Everything from the line that contains "Бублик рассердился и" through the last line below should be transcribed exactly, except the pictures.
★ ★ ★ ★ ★
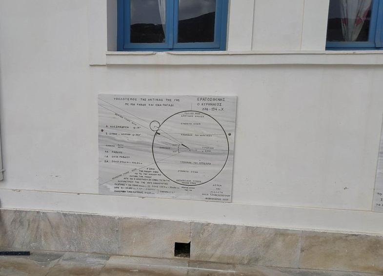 Συγκεκριμένα, το πρώτο έργο αφορά τον Υπολογισμό των ημερών του έτους σε 365 από τον Θαλή τον Μιλήσιο περίπου το 600 π.Χ., το δεύτερο έργο τη Χρυσή Τομή από τον Πυθαγόρα περίπου το 550 π.Χ. και το τρίτο έργο τον Υπολογισμό της Ακτίνας της Γης με ένα μπαστούνι και ένα πηγάδι  από τον Ερατοσθένη περίπου το 240 π.Χ. Τα τρία αυτά θέματα, ήρθαν να προστεθούν στο Αναλημματικό Ηλιακό ρολόι που τοποθετήθηκε το 2022 στον ίδιο χώρο και το Ανεμολόγιο που βρίσκεται ακριβώς έξω από την Αυλόπορτα του Δημοτικού Σχολείου και τοποθετήθηκε το 2021 αποτελούν μια ενότητα έργων  στο Δημοτικό  Σχολείο του Πύργου Τήνου.
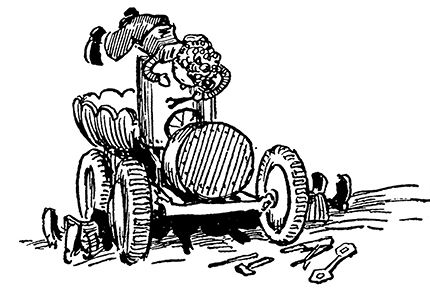 Бублик рассердился и отошёл в сторонку. Но он не уехал. Увидев, что Винтик и Шпунтик начали починять машину, он принялся им помогать. Такой уж компанейский характер у каждого шофёра. Если шофёр увидит, что кто-нибудь починяет машину, он обязательно подойдёт и тоже начнёт что-нибудь ковырять, подвинчивать болт или гайку или просто станет давать советы.
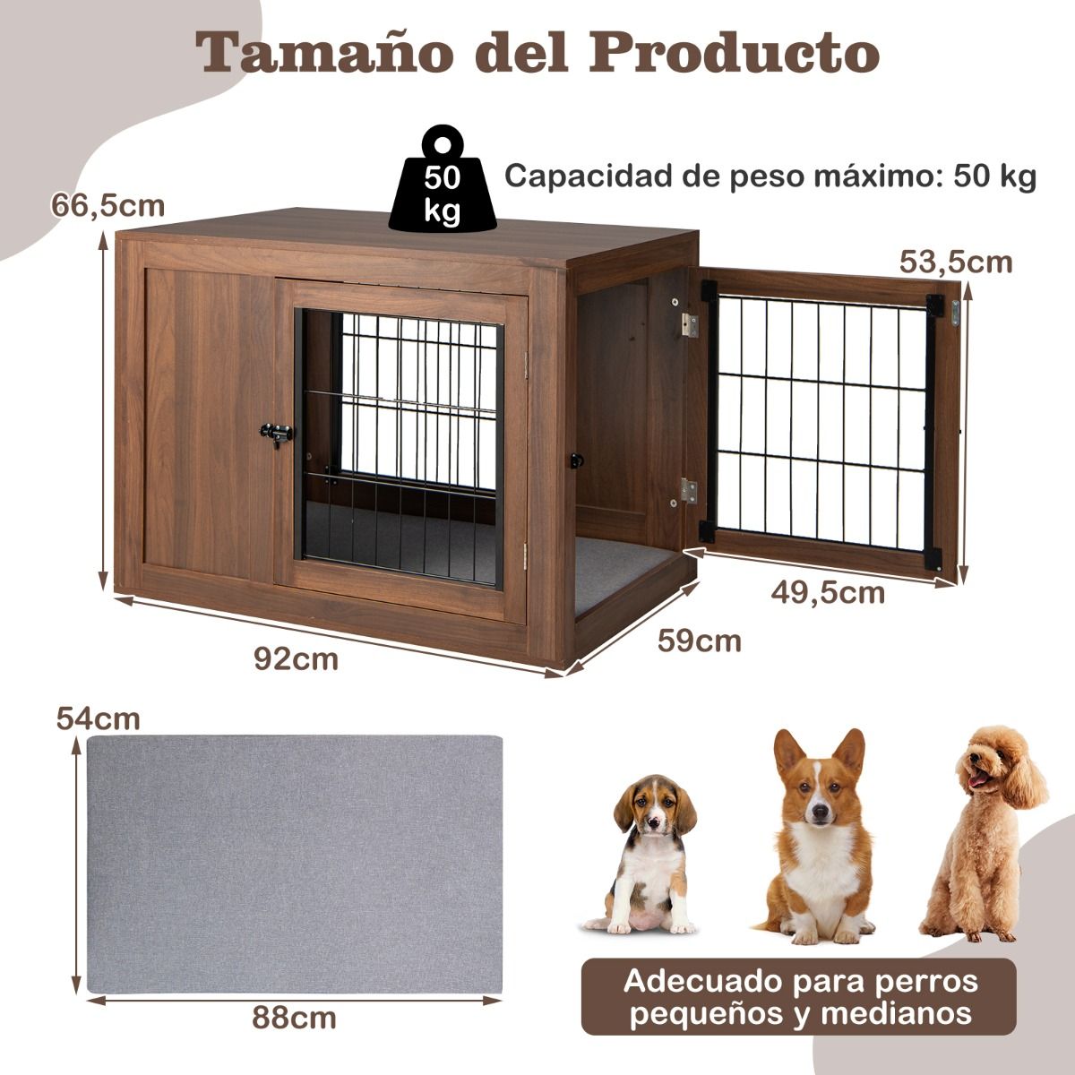 • Con medidas de 92 cm x 59 cm x 66,5 cm, la jaula mueble para perros es adecuada para la mayoría de perros pequeños y medianos.
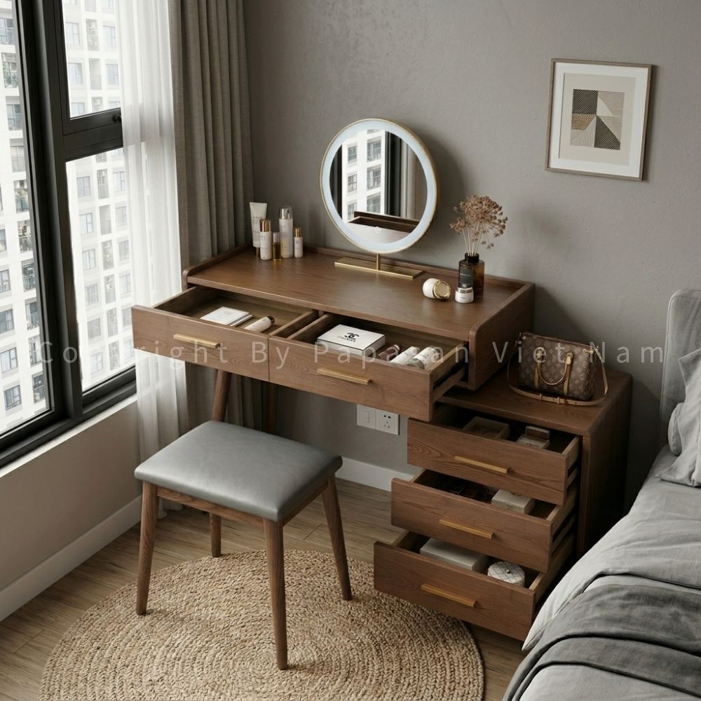 Bàn trang điểm gỗ sồi nhiều ngăn kéo tiện lợi
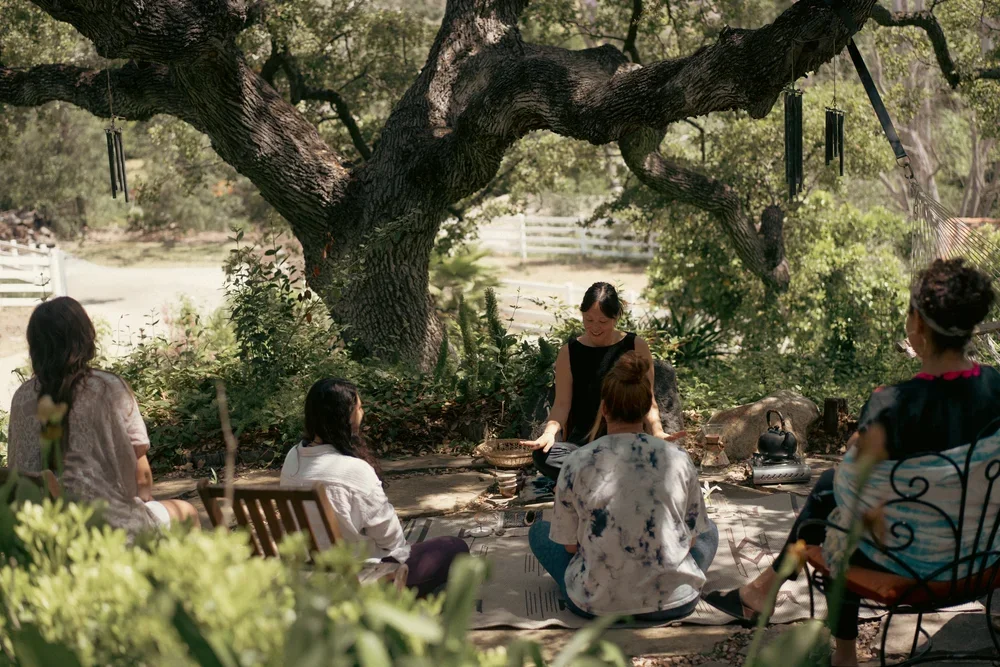 Set on a secluded 5‑acre sanctuary, this retreat takes place in a serene farmhouse nestled among towering Engelmann oak trees.
★ ★ ★ ★ ★
Output of the exercise>
 Бублик рассердился и отошёл в сторонку. Но он не уехал. Увидев, что Винтик и Шпунтик начали починять машину, он принялся им помогать. Такой уж компанейский характер у каждого шофёра. Если шофёр увидит, что кто-нибудь починяет машину, он обязательно подойдёт и тоже начнёт что-нибудь ковырять, подвинчивать болт или гайку или просто станет давать советы.
 • Con medidas de 92 cm x 59 cm x 66,5 cm, la jaula mueble para perros es adecuada para la mayoría de perros pequeños y medianos.
 Bàn trang điểm gỗ sồi nhiều ngăn kéo tiện lợi
 Set on a secluded 5‑acre sanctuary, this retreat takes place in a serene farmhouse nestled among towering Engelmann oak trees.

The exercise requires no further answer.